Graeff v. State

Mr. Justice Linscott

delivered the opinion of the court:

Freely Graeff, the claimant, was employed by the State of Illinois in its Department of Public Works and Buildings, Division of Highways, and was on the 12th day of January, 1933, engaged in the work of maintaining a hard-surfaced public road known as State Bond Issue No. 13 between Carbondale and Vergennes, and was known as a maintenance helper. At or near Carbondale, at that time, the State maintained a Highway Department Garage, in which various road making and road repairing equipment were stored when not in use, and on the date hereinabove mentioned, the claimant was riding on a road grader which was being pulled by an auto truck, and after doing certain work on said Route 13, this grader was being taken to the garage by the claimant and another employee. The blade of the grader came in contact with a part of a railroad crossing of the Illinois Central Railroad Company, which railroad crosses Route No. 2, a short distance south of the garage. The jerk occasioned by the blade coming in contact with some object on the railroad crossing, caused the claimant to be violently thrown to the ground and severely injured his back and spine and apparently he will be crippled for life.

Claimant had been paid at the rate of forty cents per hour or $21.60 per week, and had been earning that wage for the year preceding* his injuries; he is forty-six years old; married and has a wife and one child under sixteen years of age with whom he resides and who are dependent upon him for support. Medical, surgical and hospital treatment were furnished him by the State prior to April 15,1933, but no medical and surgical treatment has been furnished him since that time. He has received all told, the sum of $126.22.

The Attorney General says that there is no dispute as to the facts, the only dispute being as to the extent of the permanent disability.

On July 9, 1934, Dr. R. S. Sabine found that the claimant, in his then condition would not be able to perform manual labor that would require movement of the back and bending. On the same date, Dr. E. K. Ellis stated that in his opinion the claimant was not physically able to perform manual labor and did not think that he would be able to do any physical exertion in the future that would require the use of his back. Dr. B. F. Craine of Carbondale testified that he had seen the claimant right after the injury and that he was suffering from a bruised place and cut on the back of his head and his back was bruised, and that he had been taken to the Holden Hos- ’ pital. After ten days or two weeks he went to Craine’s office and Dr. Craine sent him to Dr. Ellis at Murphysboro, because it was more convenient for the claimant to go to Murphysboro than Carbondale. He found that the claimant had a chronic arthritis, kind of lipping* over the processes.

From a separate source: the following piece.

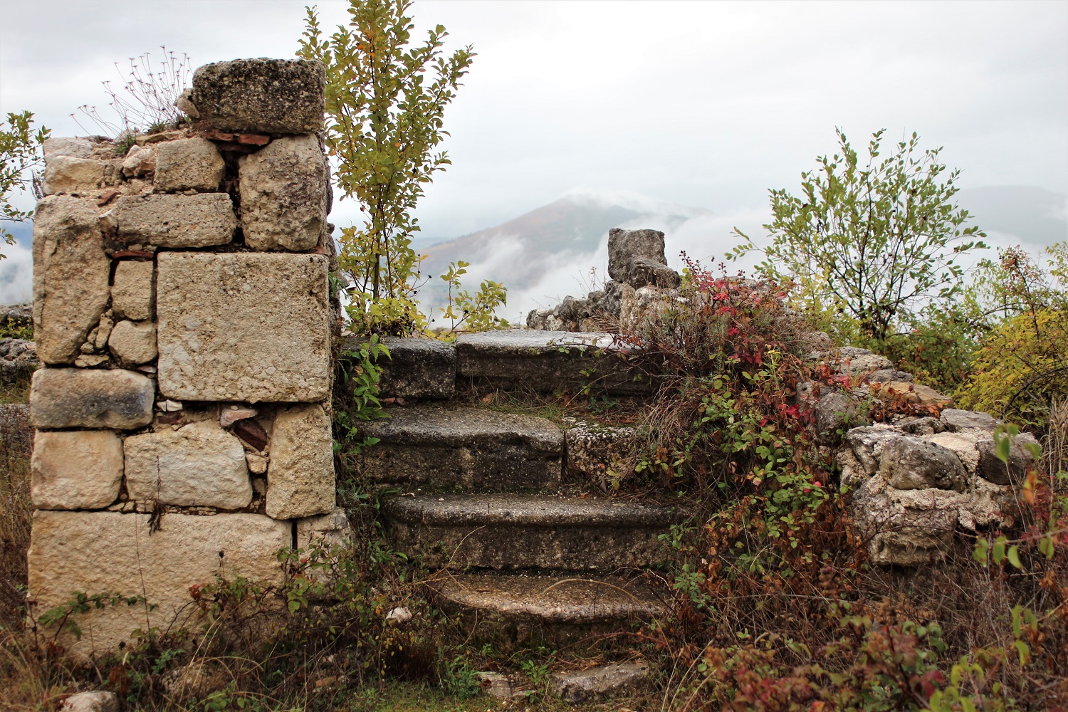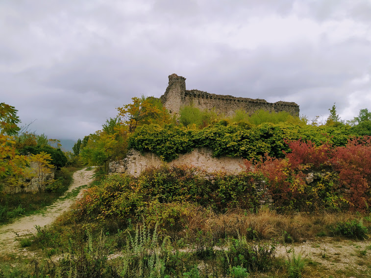 Il borgo medievale, piccolissimo, che sorge ai piedi del castello è stato abbandonato dopo il terremoto del 1915. Oggi, dopo un grosso intervento di restauro castello e borgo sono stati restituiti alla fruizione. Sarà stata la giornata autunnale in cui ci sono capitata io, ma la visita è davvero suggestiva, tra muri di pietra scuri, arbusti di rosa selvatica carichi di bacche rosse, foliage all’intorno e banchi di nebbia che vanno e vengono, ora nascondendo alla vista, ora rivelando particolari magnifici.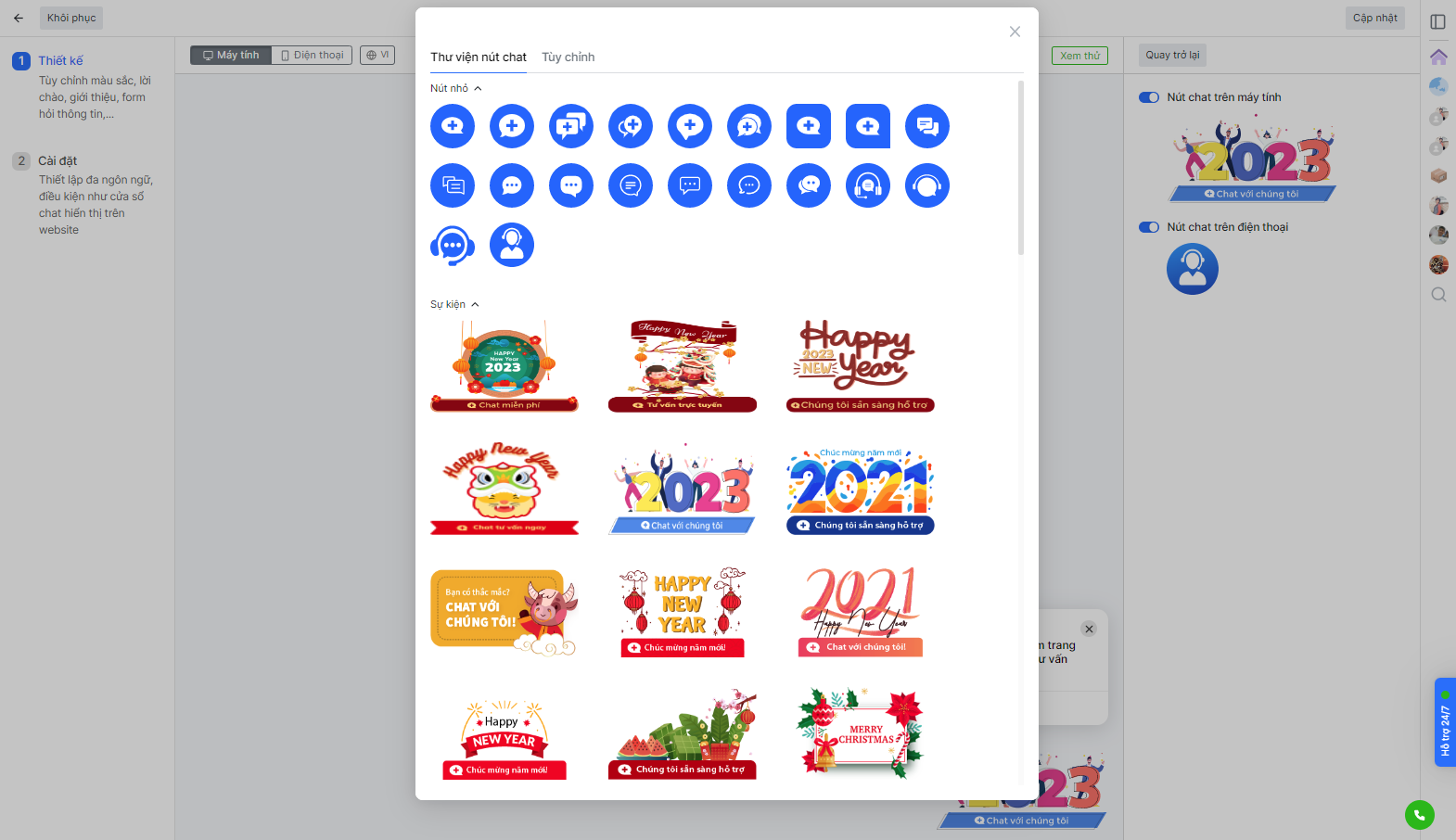 - Chọn nút chat và sử dụng mẫu phù hợp với website của bạn > Cập nhật để hoàn thành

There is ample testimony in the record to show that claimant is permanently injured and unable to do any work, and the claimant himself testified on July 17, 1934 that he observed no change whatever in his physical condition; that he has pains in the back and it hurts him to lean forward; that if it was necessary for him to get anything off the floor, he would have to get down on his knees and then have something to pull himself up by; that he cannot stand but a few minutes on his feet and then he commences to tremble; that he suffers pain when he walks and when he lies down; that he cannot sleep on his side; that he cannot lie in one position very long; that he rests pretty good one or two nights a week; that he has a feeling- like cold water running over his legs, starting about his hips; that he had not done a thing since the day he was injured; that he had had no trouble prior to his injury with his back and was able to do a full day’s work of manual labor.

Dr. C. D. Nobles, Acting Assistant Managing Officer for the Anna State Hospital, made a report and stated that considering claimant’s occupation, it appeared that he had a permanent disability; that the claimant could perform no duty which would require much walking, bending, or sitting long at a time; that the injury was questionable as to being total but was probable, but the partial disability will be continuous, and gave as his judgment that he was suffering a 60 to 70 per cent total disability, and that mental conditions may follow; that the claimant impressed him as being honest and fair.

From an examination of the record we conclude that claimant has been totally disabled; that under the Compensation Act he is entitled to $4,450.00, and a pension for life as provided by Statute. In a private employment, under the law, he would be entitled to 416 weeks on an average of $10.70 per week. From the time of the injury until August 2, 1935, if an appropriation is made pursuant to our recommendation, he will have coming to him $1,423.10 for 133 weeks, plus $9.50 for a part of a week, making a total of $1,432.60, leaving 282 weeks to be computed pursuant to law. This makes the sum of $2,787.18. This must be done because there is no way that weekly payments can be made owing to the fact that appropriations would lapse before entirely paid out. Deducting the sum of $126.22 which had been paid to him from the $1,432.60 which will be due as of August 2, 1935, when we estimate the appropriation, if made, will be paid to the claimant, leaves the sum of $1,306.38. Adding this to the sum computed, makes the sum of $4,093.56, which award we made and recommend that the Legislature make an appropriation for that sum payable to Freely Graeff; but we will continue this case on pur docket for future consideration as to the pension in accordance with law.